TASK BRIEF: Beginning with the line that has "79.49m2(24.0坪) 壁芯 |" and ending with the line that has "昨日の雨から一転し、今日は晴", retype the entries below exactly, except for the pictures.

MATERIAL SUPPLIED Start Marker

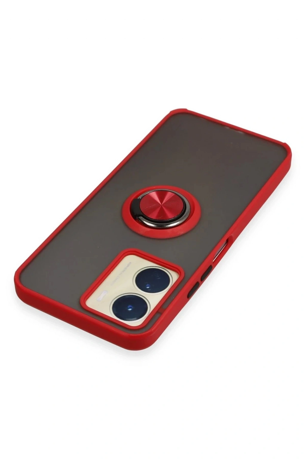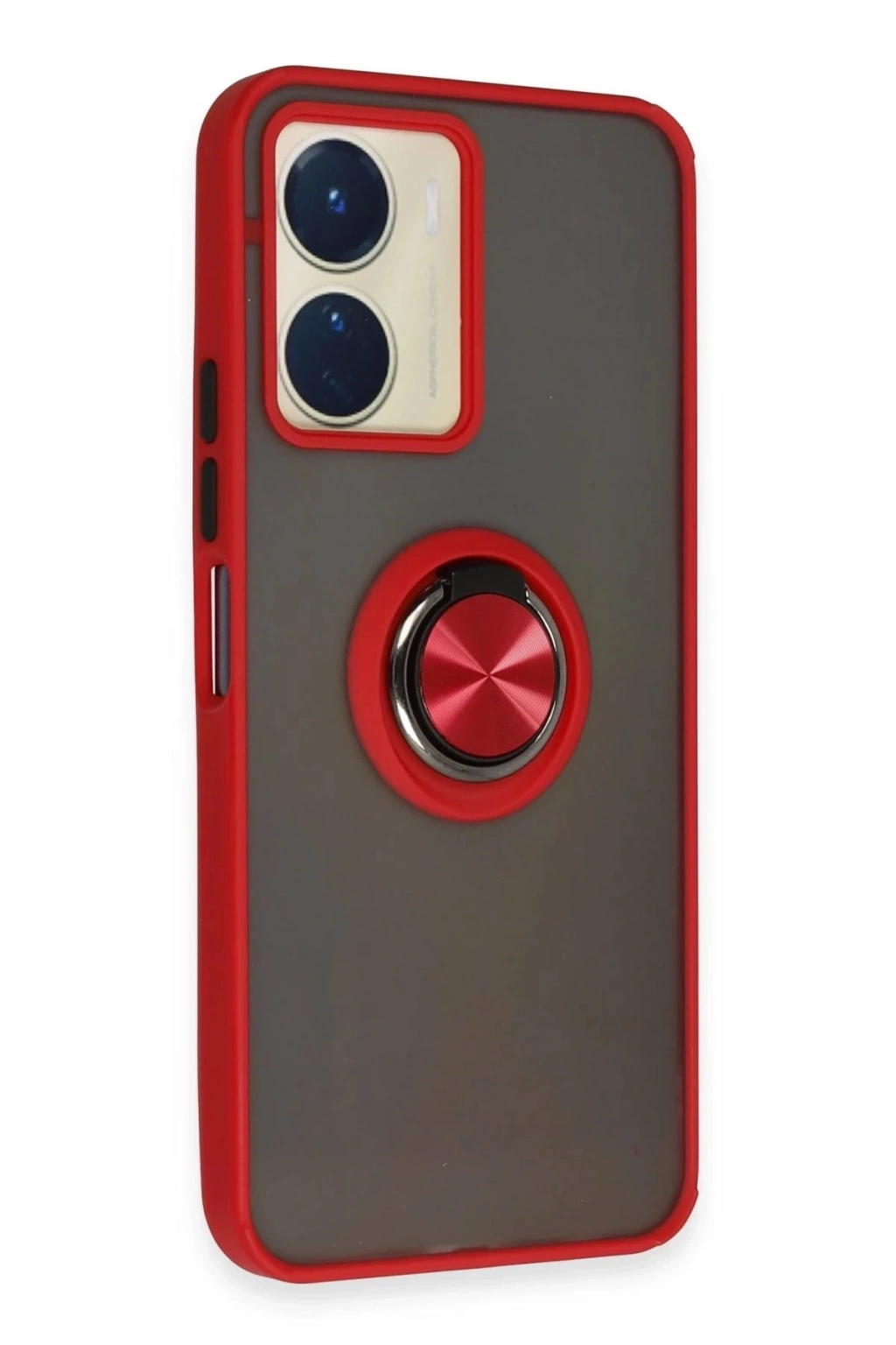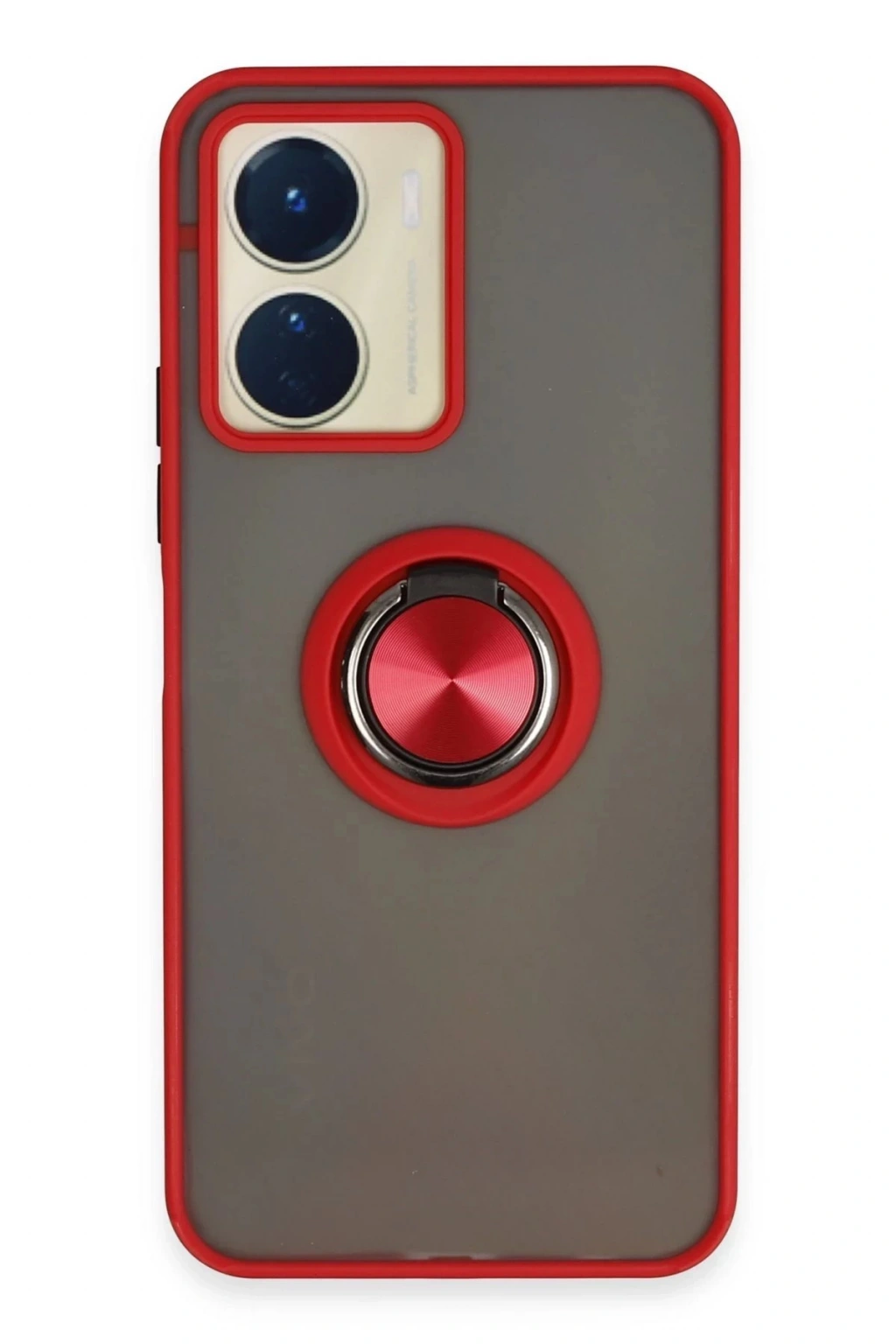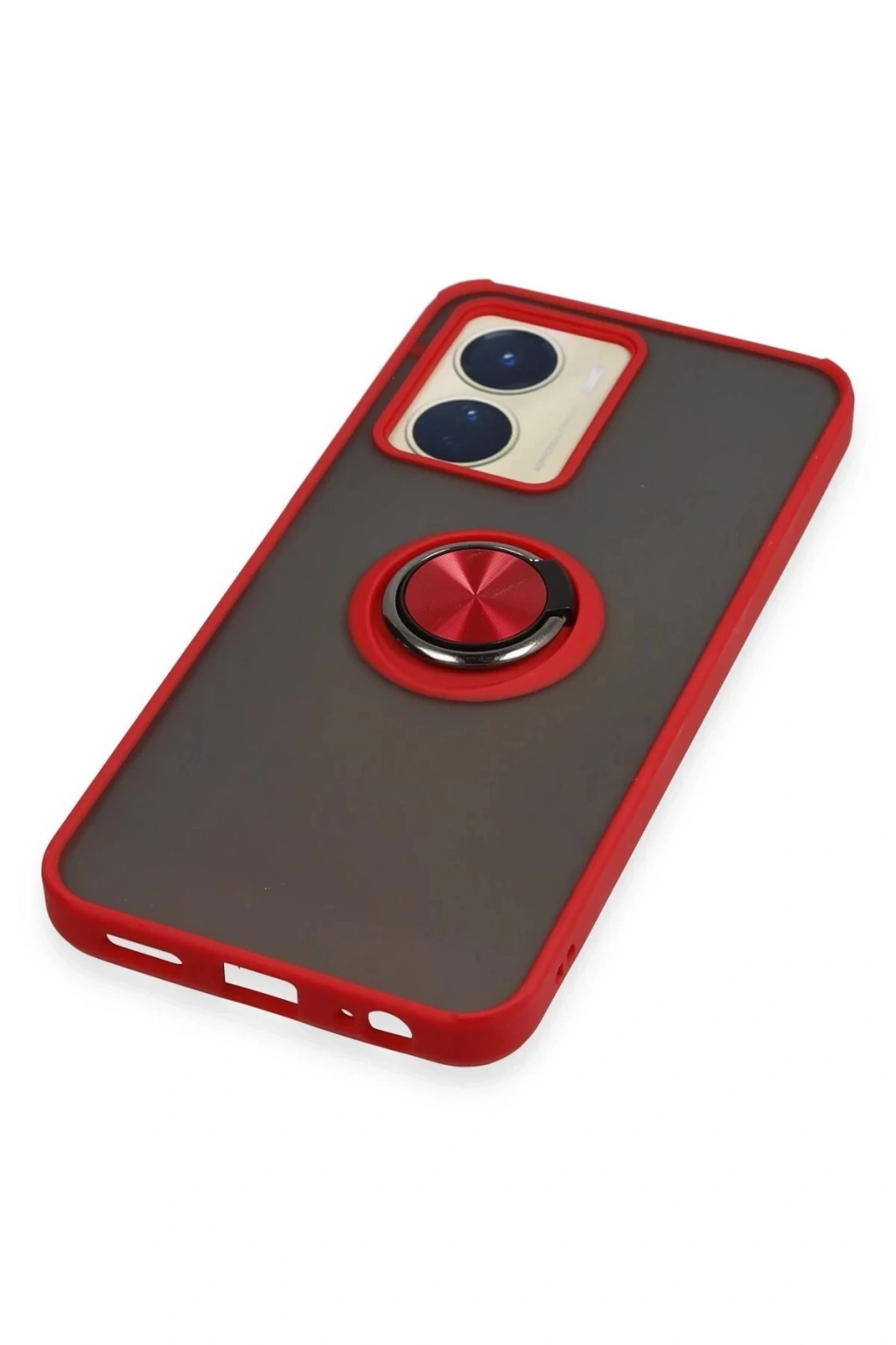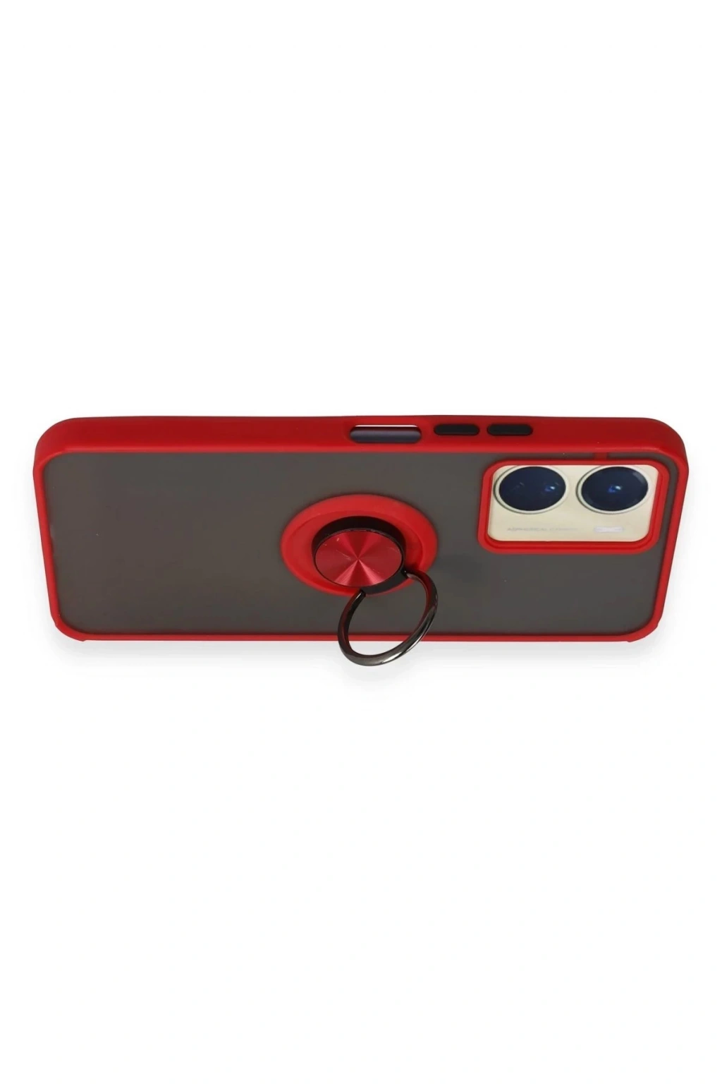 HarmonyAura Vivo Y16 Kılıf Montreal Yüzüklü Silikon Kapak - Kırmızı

MATERIAL SUPPLIED End Marker
MATERIAL SUPPLIED Start Marker

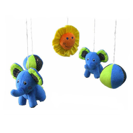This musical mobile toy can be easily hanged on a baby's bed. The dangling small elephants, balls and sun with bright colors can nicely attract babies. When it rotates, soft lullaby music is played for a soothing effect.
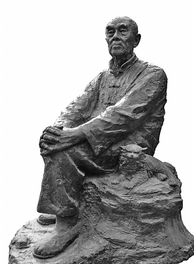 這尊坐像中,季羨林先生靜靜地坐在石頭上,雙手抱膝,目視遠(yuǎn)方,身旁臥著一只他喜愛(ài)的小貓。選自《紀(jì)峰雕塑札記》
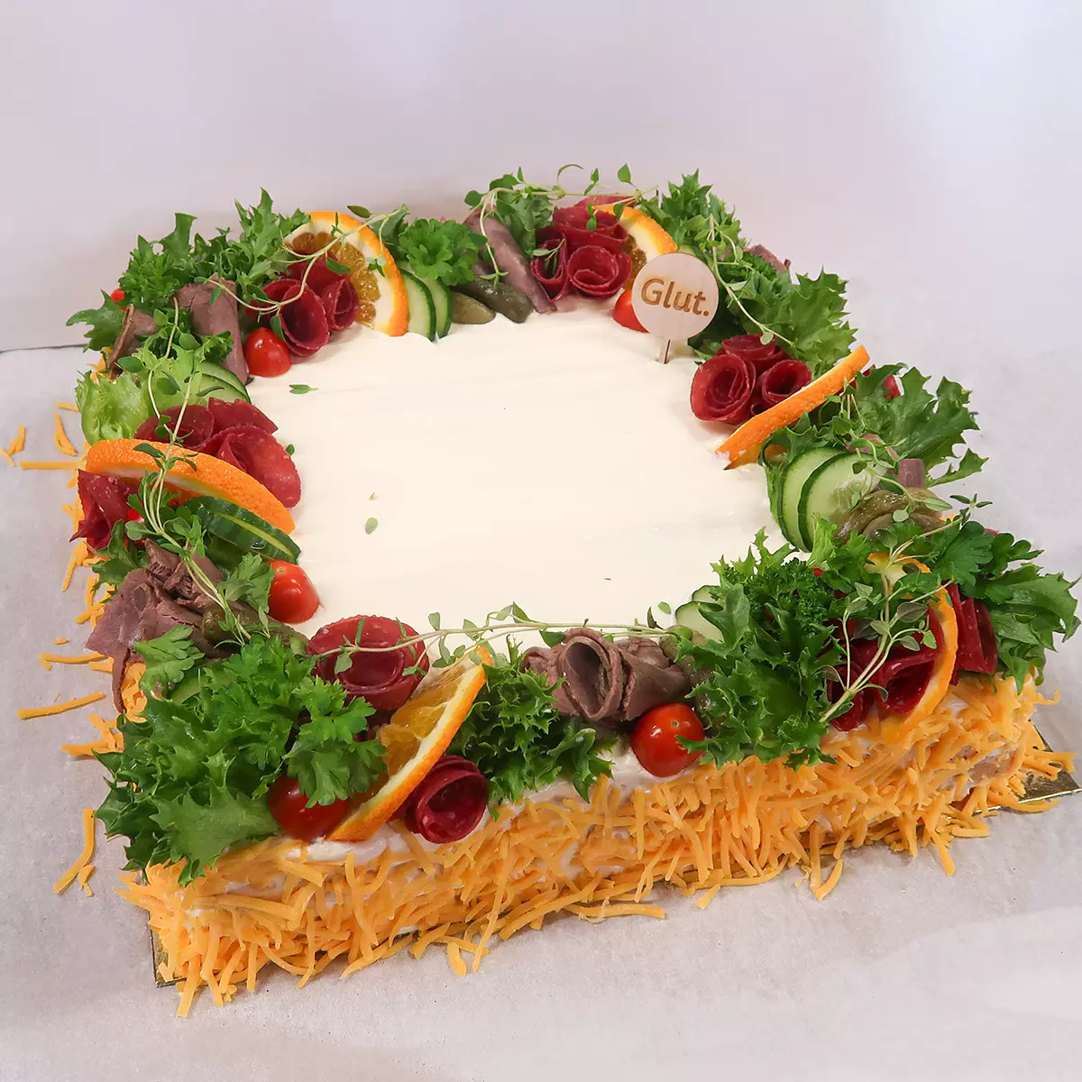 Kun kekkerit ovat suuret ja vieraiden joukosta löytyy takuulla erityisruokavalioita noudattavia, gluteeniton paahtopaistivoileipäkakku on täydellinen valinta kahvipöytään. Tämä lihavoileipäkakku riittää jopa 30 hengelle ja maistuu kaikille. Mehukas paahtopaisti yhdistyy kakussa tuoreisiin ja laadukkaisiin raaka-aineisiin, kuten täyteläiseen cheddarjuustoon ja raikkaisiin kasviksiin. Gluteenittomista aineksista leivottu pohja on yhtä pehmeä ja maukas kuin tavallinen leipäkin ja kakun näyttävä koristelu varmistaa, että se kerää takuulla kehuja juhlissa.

MATERIAL SUPPLIED End Marker
MATERIAL SUPPLIED Start Marker

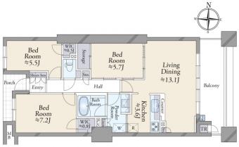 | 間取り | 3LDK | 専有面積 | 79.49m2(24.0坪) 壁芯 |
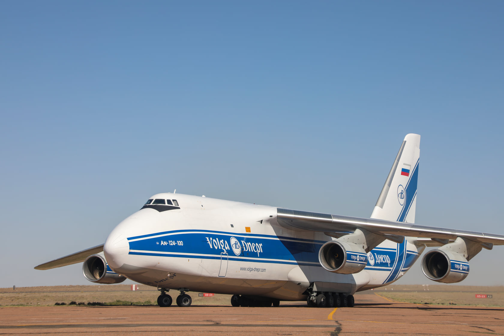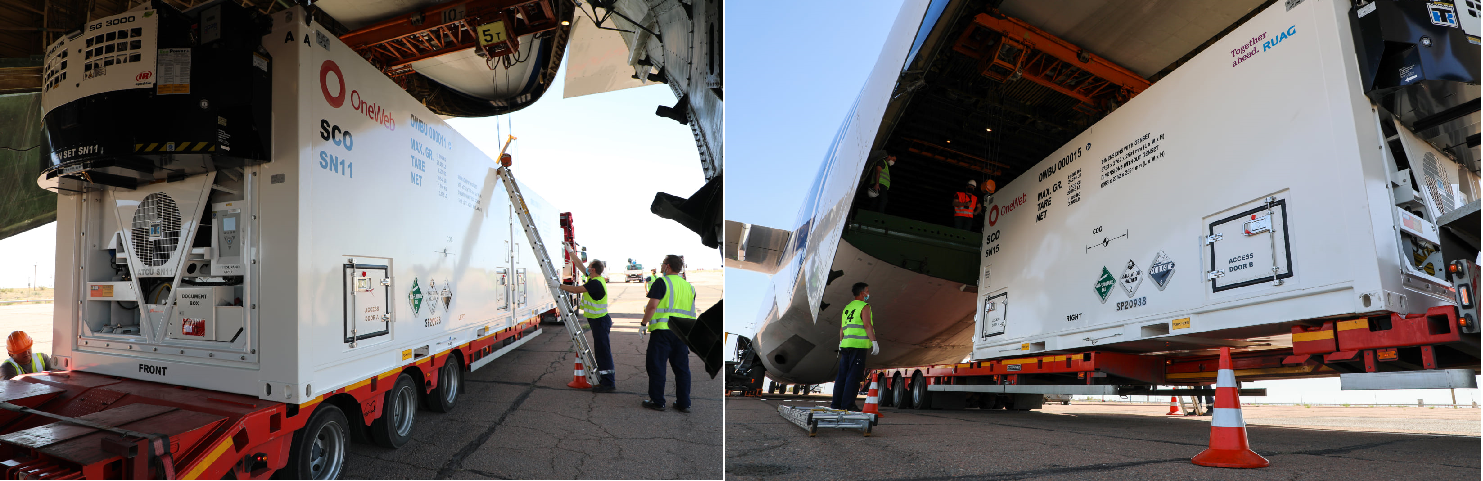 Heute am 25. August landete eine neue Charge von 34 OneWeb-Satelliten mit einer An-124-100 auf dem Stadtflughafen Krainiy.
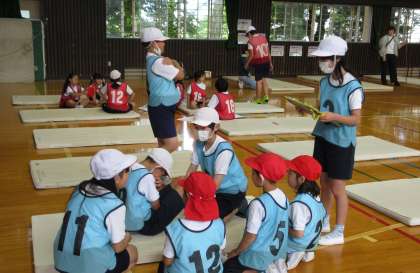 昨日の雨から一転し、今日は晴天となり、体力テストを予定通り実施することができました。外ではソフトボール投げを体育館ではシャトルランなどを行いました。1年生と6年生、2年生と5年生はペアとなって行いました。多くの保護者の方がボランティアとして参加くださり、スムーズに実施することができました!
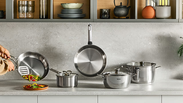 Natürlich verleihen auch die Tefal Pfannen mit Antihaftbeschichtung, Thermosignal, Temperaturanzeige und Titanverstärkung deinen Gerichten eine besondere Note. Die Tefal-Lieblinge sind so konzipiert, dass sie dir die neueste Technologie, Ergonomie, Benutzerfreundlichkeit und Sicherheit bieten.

MATERIAL SUPPLIED End Marker

TASK OUTPUT:
 | 間取り | 3LDK | 専有面積 | 79.49m2(24.0坪) 壁芯 |
 Heute am 25. August landete eine neue Charge von 34 OneWeb-Satelliten mit einer An-124-100 auf dem Stadtflughafen Krainiy.
 昨日の雨から一転し、今日は晴天となり、体力テストを予定通り実施することができました。外ではソフトボール投げを体育館ではシャトルランなどを行いました。1年生と6年生、2年生と5年生はペアとなって行いました。多くの保護者の方がボランティアとして参加くださり、スムーズに実施することができました!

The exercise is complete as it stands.